EPSTEIN, Acting P.J.
We concur:
HASTINGS, J. CURRY, J.
24
CERTIFIED FOR PARTIAL PUBLICATION
IN THE COURT OF APPEAL OF THE STATE OF CALIFORNIA
SECOND APPELLATE DISTRICT
DIVISION FOUR
COAST PLAZA DOCTORS HOSPITAL,
Plaintiff and Appellant,
v.
UHP HEALTHCARE,
Defendant and Respondent.
B154919
(Super. Ct. No.
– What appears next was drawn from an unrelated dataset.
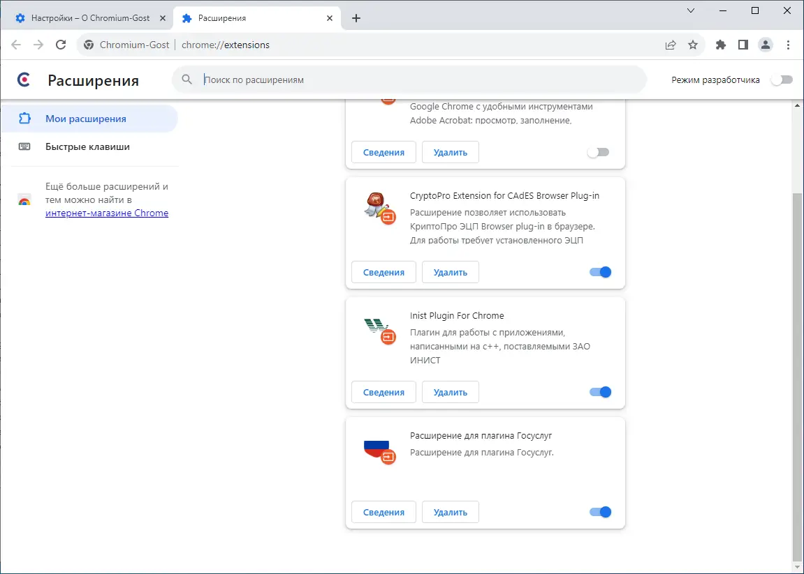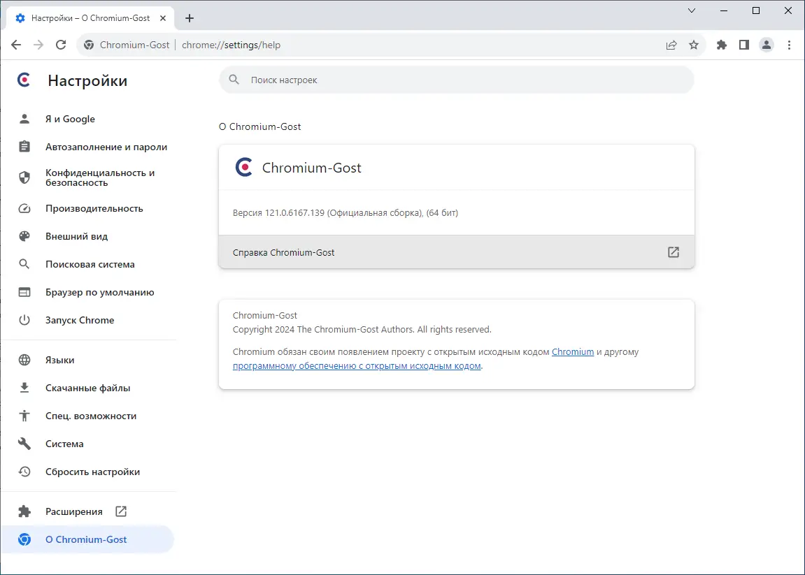 Chromium-Gost представляет собой форк известного open-source браузера, адаптированный под требования российской криптографии. В отличие от оригинального Chromium, который полагается на библиотеку BoringSSL, этот проект интегрирует интерфейс msspi для поддержки ГОСТ-алгоритмов. Это позволяет устанавливать безопасные соединения с ресурсами, требующими аутентификации через российские стандарты шифрования. Программа сохраняет весь привычный функционал: вкладки, закладки, синхронизацию и совместимость с расширениями из Chrome Web Store. Интерфейс полностью идентичен оригиналу, что делает переход максимально прозрачным. Поддержка ГОСТ реализована без вмешательства в пользовательский опыт — переключение между протоколами происходит автоматически.

BC257266)
ORDER MODIFYING OPINION AND CERTIFYING OPINION FOR PARTIAL PUBLICATION [NO CHANGE IN JUDGMENT]
THE COURT:*
It is ordered that the opinion filed herein on December 23, 2002, be modified as
follows:
1. Delete first two paragraphs of the opinion (slip opinion, p. 2) and substitute
the following:
25
The issue in this case is whether a health care provider has a right to seek
reimbursement directly from the health care insurer for services rendered to enrollees of
the health care plan. Its resolution depends in part on whether, under the Knox-Keene
Health Care Service Plan Act of 1975 (Health & Saf. Code, § 1340 et seq., “Knox-Kleene
Act”) an insurer has a direct obligation to reimburse the provider. In the published
portion of this opinion we conclude that the Knox-Kleene Act does not apply to the
factual circumstances here, and does not bar the provider from seeking direct
compensation on a common law breach of contract theory or under the Unfair
Competition Law (Bus. & Prof. Code, § 17200).
In the unpublished portion of the opinion we conclude the trial court erred in
sustaining a demurrer as to the cause of action for breach of contract by assignment, but
correctly sustained the demurrer without leave to amend to the causes of action for breach
of implied contract, breach of contract based on third party beneficiary theory, open book
account, quantum meruit, and unjust enrichment. Because we conclude that the Knox-
Kleene Act does not apply to this case, we do not address the provider’s argument about
the constitutional application of that statute.
2. On page 6 of the slip opinion, in the third line of the first paragraph, change
the phrase “counting on” to “based upon.”
3. On page 22 of the slip opinion, in the next-to-last line on that page, change
the word “patter” to “pattern.”
There is no change in the judgment.
The opinion in the above-entitled matter filed on December 23, 2002, was not
certified for publication in the Official Reports. For good cause it now appears that the
opinion, as modified, should be partially published in the Official Reports and it is so
ordered. Pursuant to California Rules of Court, rules 976(b) and 976.1, this opinion is
certified for publication with the exception of parts I, II, and III of the Discussion.
26
*EPSTEIN, J., Acting P.J. HASTINGS, J. CURRY, J.